The government has sharply increased spending on high-tech intelligence gathering since 2001, and both the Bush and Obama administrations have chosen to rely on private contractors like Booz Allen for much of the resulting work. Thousands of people formerly employed by the government, and still approved to deal with classified information, now do essentially the same work for private companies. As evidence of the company’s close relationship with government, the Obama administration’s chief intelligence official, James R. Clapper Jr., is a former Booz Allen executive. The official who held that post in the Bush administration, John M. McConnell, now works for Booz Allen. “The national security apparatus has been more and more privatized and turned over to contractors,” said Danielle Brian, the executive director of the Project on Government Oversight, a nonprofit group that studies federal government contracting. “This is something the public is largely unaware of, how more than a million private contractors are cleared to handle highly sensitive matters.”

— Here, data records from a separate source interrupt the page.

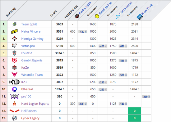 独联体地区RMR积分榜如下(第1-2名传奇组、第3名挑战者组、第4-5新挑战组):
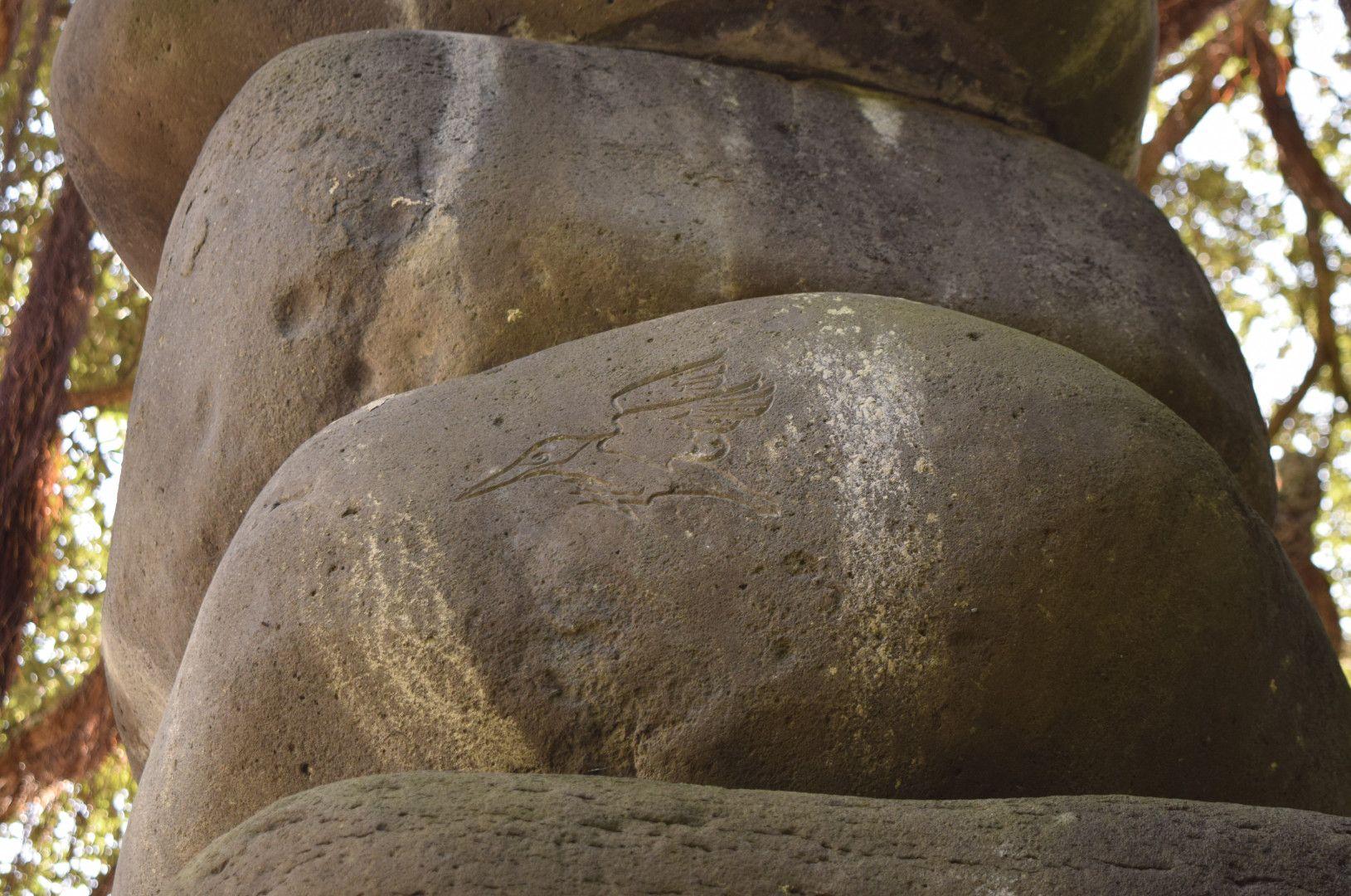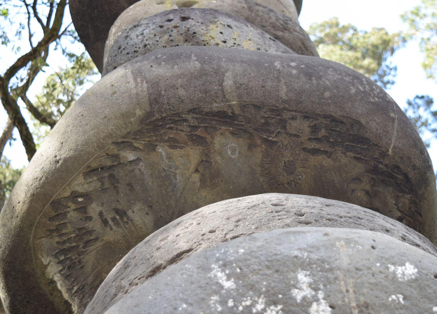 Following a year of careful consideration, the elders of Ngāti Kura and Ngāti Rēhia hapū, representatives of the Department of Conservation and the local landowners approved a particular selection of boulders for the sculpture. Ngāti Kura elders lifted the tapu from the stones and donated them for the project as a gift to Auckland City. Because of the threat of seismic movements, structural engineers required the 18m columns to be basalt boulders on the lower half with a lighter material above. Aluminium is a very common mineral in the earth and could be made to complement the boulders. With many setbacks, the work took two years to complete all the components, but only two weeks to assemble on the site.
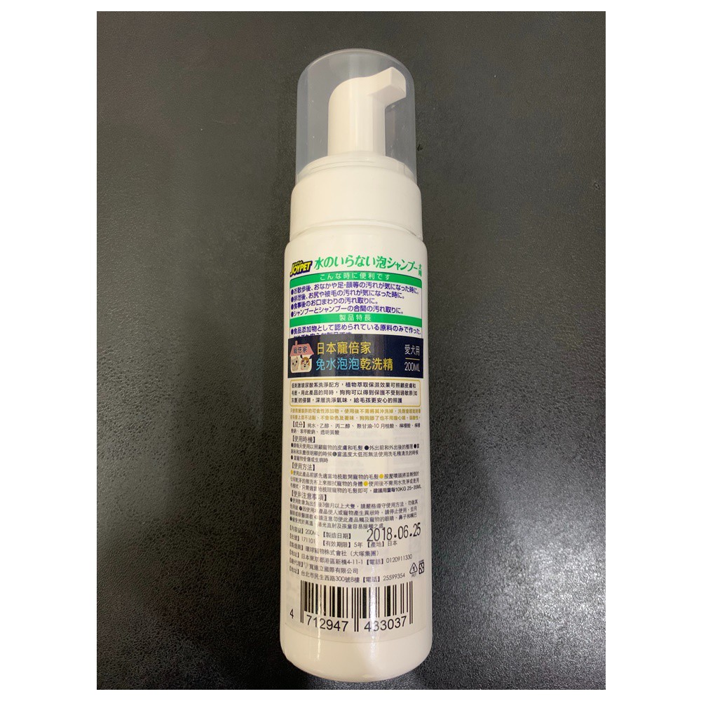 JOYPET日本寵倍家 【泡泡乾洗精】200ml 寵物乾洗精 狗狗乾洗精 犬用乾洗精 貓咪乾洗精 貓咪免水洗乾洗精
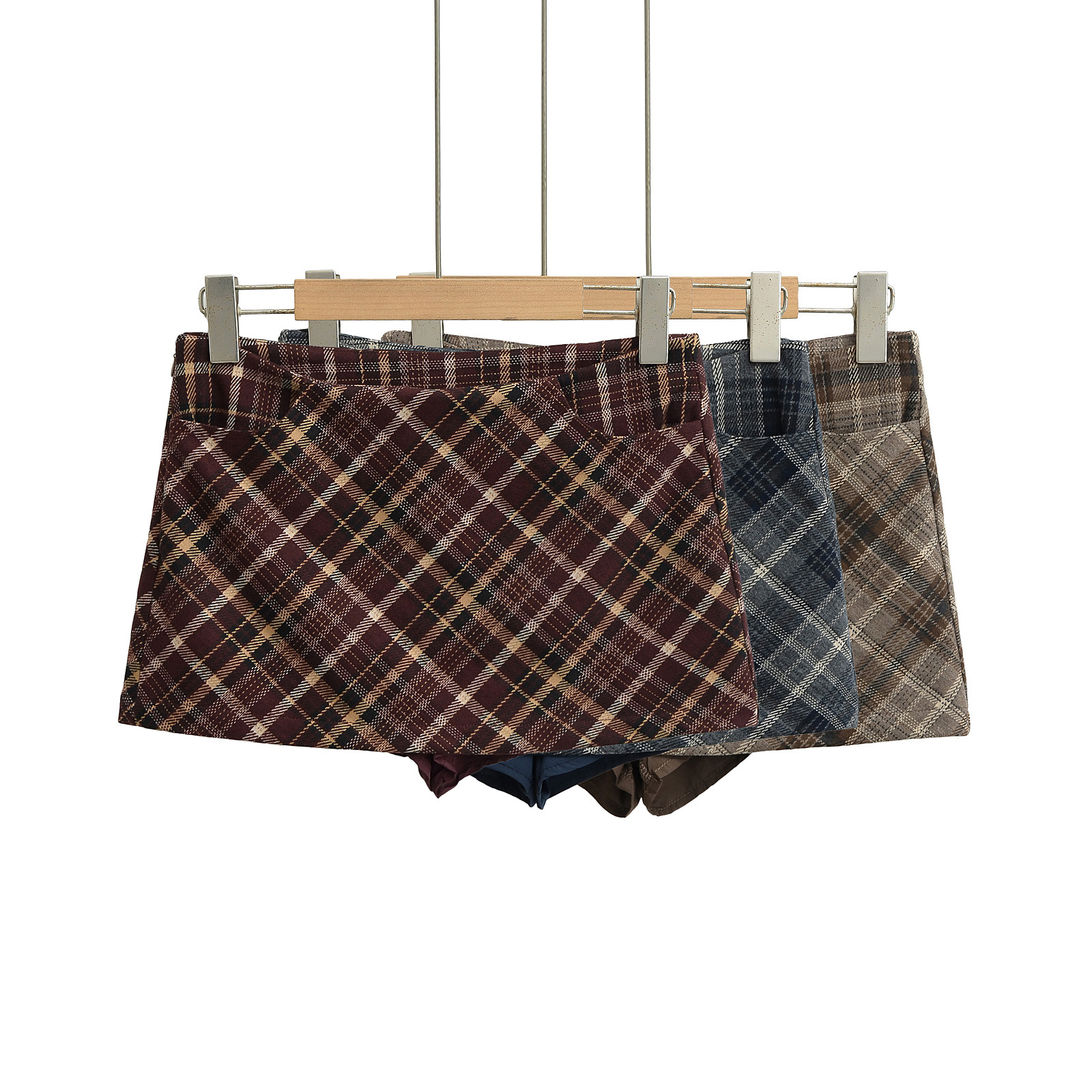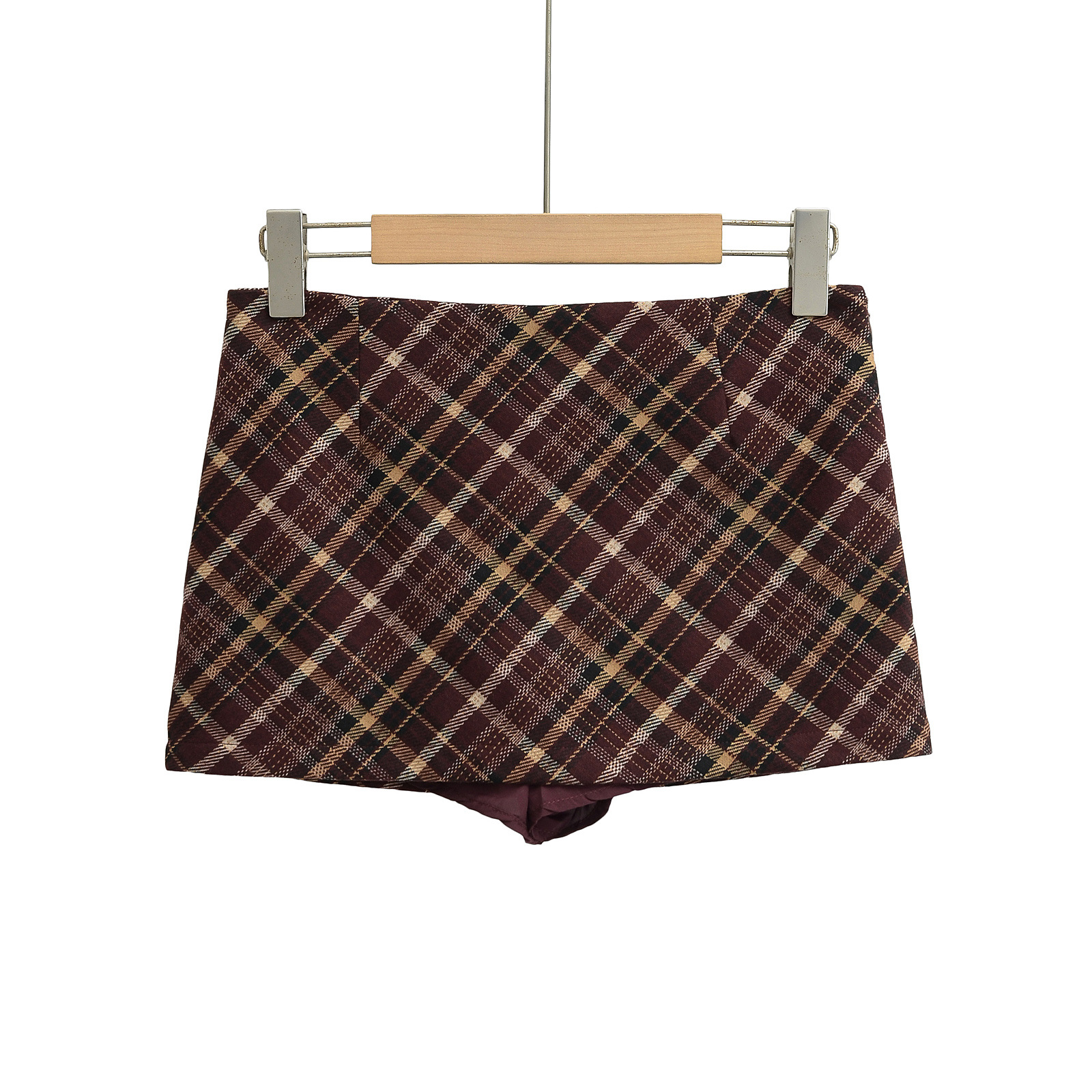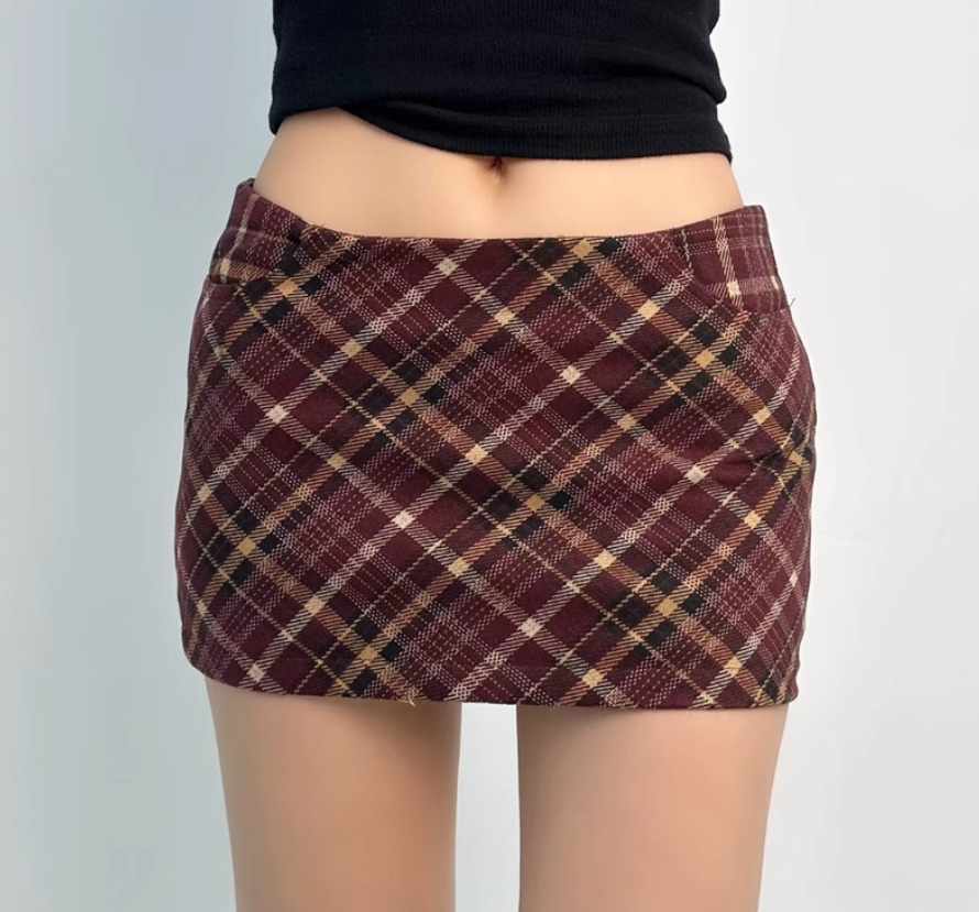 Retro sexy high waist A-line plaid ultra-short hip skirt

Companies like Booz Allen, Lockheed Martin and the Computer Sciences Corporation also engage directly in gathering information and providing analysis and advice to government officials. Booz Allen employees work inside the facilities at the N.S.A., among the most secretive of the intelligence agencies. The company also has several office buildings near the agency’s headquarters in Fort Meade, Md.
Booz Allen announced that it was starting work on a new contract worth perhaps as much as $5.6 billion over five years to provide intelligence analysis services to the Defense Department.
The company, based in Virginia, is primarily a technology contractor. It reported revenues of $5.76 billion for the fiscal year ended in March and was No. 436 on Fortune’s list of the 500 largest public companies. The government provided 98 percent of that revenue, the company said.
Its rapid growth, fueled by government investment after the Sept. 11 attacks, led to a 2008 buyout by the Carlyle Group, a private equity firm, followed by a public offering in 2010.
Booz Allen has formed a particularly close relationship with the intelligence agencies, and others besides Mr. Clapper and Mr. McConnell have spent time in the company’s executive offices.
In 2011, files maintained by Booz Allen were acquired by the online activist group Anonymous, which claimed to have stolen tens of thousands of encrypted military passwords.